Lou asks, "Toast seems to be benefiting from all trends. Is this something that can continue, Rachel, for the foreseeable future?" (17:23)
Rachel Warren responds affirmatively, detailing Toast's impressive growth trajectory. She points out that in Q2, Toast added a record 8,500 net new locations and expanded its services beyond restaurants to include retail businesses, convenience stores, and grocery stores. Additionally, strategic partnerships with major players like Applebee's and American Express bolster Toast's market position. Rachel concludes, "There's a lot of good going on for Toast right now." (18:15)

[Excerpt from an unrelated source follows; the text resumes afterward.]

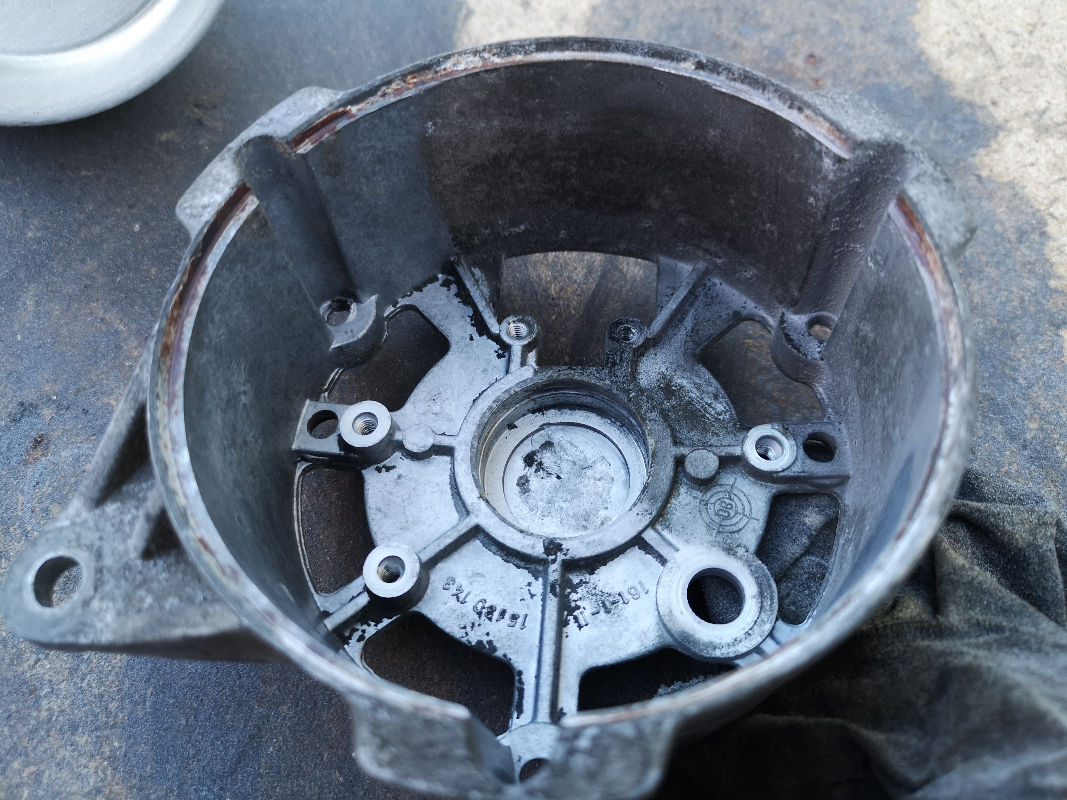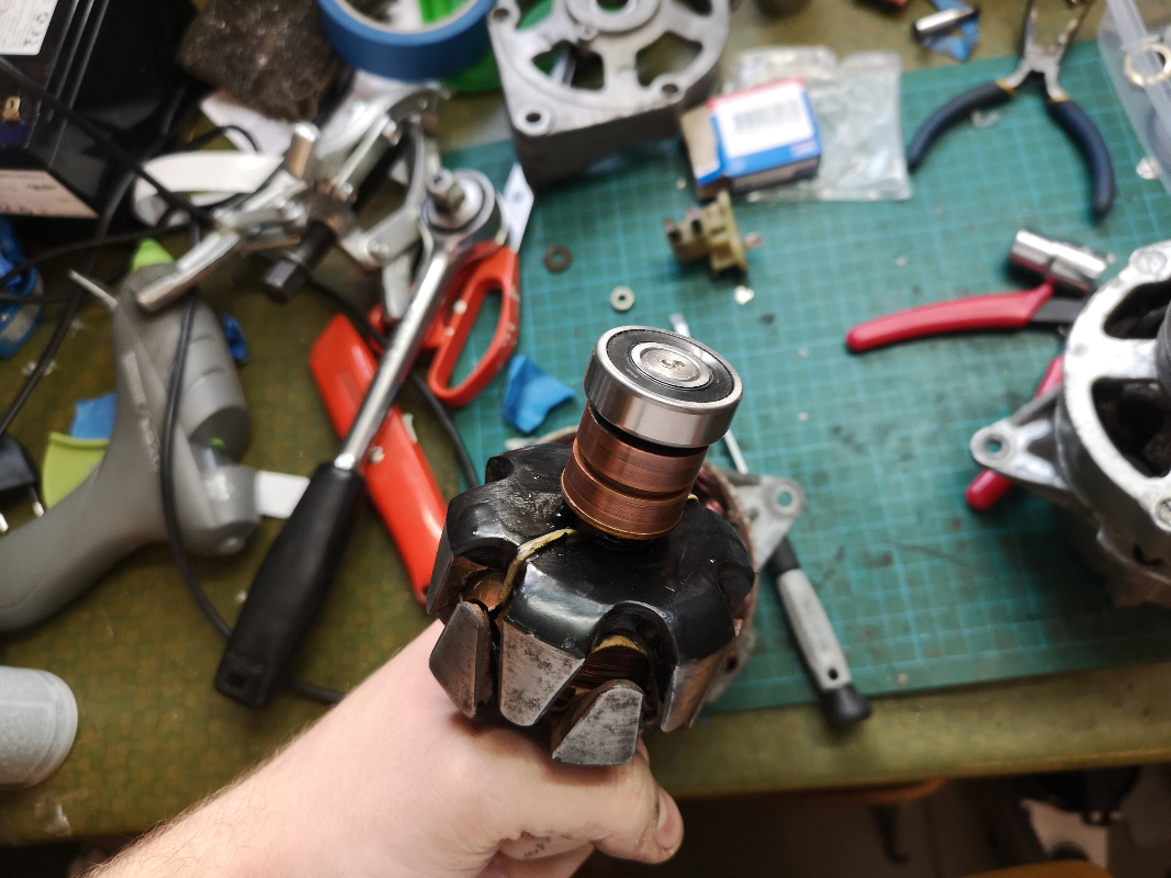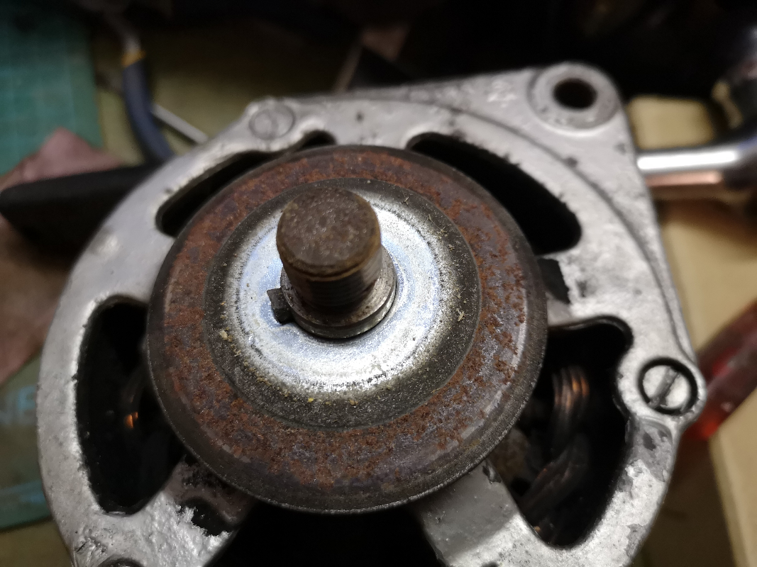 L'axe du rotor se détache du carter avant avec un maillet assez aisément. Le roulement arrière est monté sur le ressort. Je l'ai sorti avec un extracteur (l'axe n'a pas de trou de centrage, j'en ai pointé un moi-même).

Travis Hoyam, however, expresses skepticism about the long-term appeal of Toast. He views it as a commoditized business within the fintech space, lacking the margin opportunities found in other fintech companies. Despite recognizing Toast's current success, Travis remains cautious about its future growth potential, stating, "I fail to see the investor excitement about this. I feel like they're a winner here, but it's a pretty blah business once it levels off from early-stage growth." (19:39)
As the episode wraps up, the hosts discuss potential investment opportunities within the beleaguered restaurant sector.
Rachel Warren voices her bullish stance on Cava, appreciating its discounted stock price and robust business fundamentals despite recent setbacks. She states, "I'm still really bullish on that business. If anything, I'm intrigued by the fact that it's trading at a discount right now." (20:18)
Travis Hoyam remains hesitant to buy Cava immediately but acknowledges its improved valuation compared to Chipotle. He suggests considering established names like Brinker or Darden for investment instead. (20:29)
Lou Whiteman expresses a desire to invest in Toast, especially if its stock continues to decline, highlighting it as a potential buy despite reservations about its long-term prospects. (20:47)
The episode concludes with a cautionary note, reminding listeners not to base their investment decisions solely on podcast discussions. The Motley Fool team emphasizes that personal financial decisions should consider individual circumstances and professional advice.
Travis Hoyam signs off, encouraging listeners to stay informed and engaged with future episodes of Motley Fool Money for ongoing financial insights.
This comprehensive discussion sheds light on the multifaceted challenges facing restaurant stocks in 2025, from macroeconomic pressures and shifting consumer preferences to leadership changes and technological disruptions. Investors are encouraged to consider these factors carefully when evaluating opportunities within the restaurant sector.